Jones felt a wave of respect when he visited the Ravens' facility to give the team a pep talk in November, but he hasn't gotten the same reception in the MMA community.
"I just look at it as flattery, really," Jones said when asked about those comments Thursday. "Just a few years ago I was a young kid in college looking at Chuck Liddell with my mouth wide open and looking at him like he was a god. And now I have him comparing himself to me and trying to stay relevant through me. ...
"I've gotten to the point now where I realize I'm not going to be a fan favorite. Maybe it'll change over time, but right now I'm not. I just need to embrace it and be comfortable with it."
Jones acknowledges there was a time when it did hurt that he wasn't more widely embraced. But — like he does with opponents using his 7-foot wingspan — he's learning to keep those distractions at a safe distance.
"On the way to this point it has been [painful], just always wondering, 'Why aren't I a fan favorite? Why am I getting criticized so hard all the time?' But at this point, it's really not painful at all," he said. "As long as I'm taking care of my family and breaking records and continuing to excel and continuing to find new endoresments — everything's working. ...

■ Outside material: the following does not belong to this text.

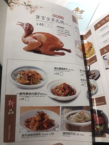 九层塔鹅肝炒牛肉,蜜汁叉烧包,榴莲酥,唐宫金奖乳鸽,唐宫虾饺皇,唐宫金银海鲜泡饭,豉汁蒸凤爪,唐宫葱油饼,金奖乳鸽,脆皮鲜虾红米肠,蜜汁叉烧,飘香榴莲酥,豉汁蒸排骨,红豆糕,招牌榴莲酥,唐乳鸽,XO酱焗肠粉,雪媚娘,皮蛋瘦肉粥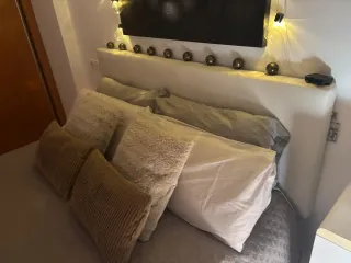 Se vende conjunto de muebles para habitación de matrimonio. - Mesita de noche con 1 cajón (x2). - Cómoda con 3 cajones. - Cabezal blanco. - Cama con arcón.

"Muhammad Ali was hated, and then he was loved at the very end. Floyd Mayweather was hated, and a lot of people are really coming around on him. So, I'm just trying to stay positive and try not to offend too many people along the way and hope for the best end result."
Jones an 'easy target'
Davis — who fights Anthony Johnson in Saturday's co-main event — wasn't taking the same approach Thursday. The former four-time All-American wrestler at Penn State seemed to be angling for a title shot as he launched an over-the-top round of trash talk about Jones.
He called Jones "chicken" a number of times, compared him to a Chick-fil-A sandwich and said repeatedly that Jones would be afraid to fight him. He even pulled out his cellphone to show reporters a video of him dissing Jones on a recent conference call.
"Not only is he an easy target, but he's the champ, and he needs to learn that I soon will be the champ," Davis said.
When asked if Jones is the best pound-for-pound fighter, Davis didn't miss a beat in responding: "On who's scale? On a man's scale or a chicken's scale?"
As much as he squawks, Davis isn't on Jones' radar yet. White made it pretty clear Thursday that, if he beats Teixeira, Jones is likely ticketed for a rematch with Gustafsson and then would probably face either Daniel Cormier or Dan Henderson.
And running that gantlet would remove any doubt about Jones, White said.
"If this kid wins the next three fights ... it's already hard not to call him the greatest light heavyweight ever, but what do you call him after that?" White said.
"He's on his way to being possibly the greatest ever. Whether you like Jon Jones or you don't like Jon Jones, you can't deny what he's done. What he's done is unbelievable."
Jon "Bones" Jones
Height: 6 feet, 4 inches
Weight: 205 pounds
From: Rochester, N.Y.
Fights out of: Endicott, N.Y.
College: Iowa Central
Brothers: Arthur Jones (defensive lineman for Indianapolis Colts) and Chandler Jones (defensive lineman for New England Patriots)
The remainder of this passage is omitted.